* Exercise details: Give back every line of the data exactly. Pictures are not part of the copy.

* Given information:
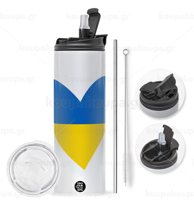 UKRAINE heart, Easter candle,Travel Tumbler 2 Lids, with metal straw & cleaning brush & aromatic flat candle (30cm) (BLUE)
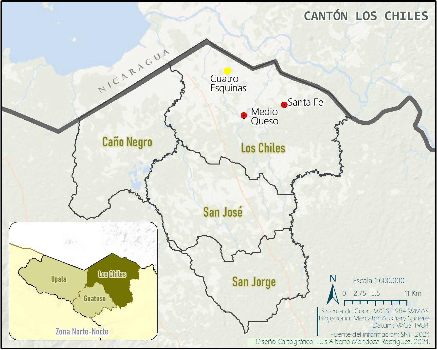 Santa Fe y Medio Queso de Los Chiles se ubican en la zona más septentrional de Costa Rica, a escasos kilómetros de la frontera norte con Nicaragua, lo que ha marcado históricamente las formas de vida e identidades de ambas comunidades. El mapa de la Figura 2 ilustra su ubicación.
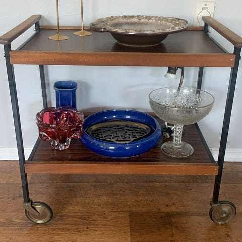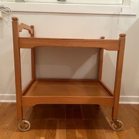 Eldre retro trillebord med glassplate søker nytt hjem. Mørkbeiset.

* Response to this exercise:
 UKRAINE heart, Easter candle,Travel Tumbler 2 Lids, with metal straw & cleaning brush & aromatic flat candle (30cm) (BLUE)
 Santa Fe y Medio Queso de Los Chiles se ubican en la zona más septentrional de Costa Rica, a escasos kilómetros de la frontera norte con Nicaragua, lo que ha marcado históricamente las formas de vida e identidades de ambas comunidades. El mapa de la Figura 2 ilustra su ubicación.
 Eldre retro trillebord med glassplate søker nytt hjem. Mørkbeiset.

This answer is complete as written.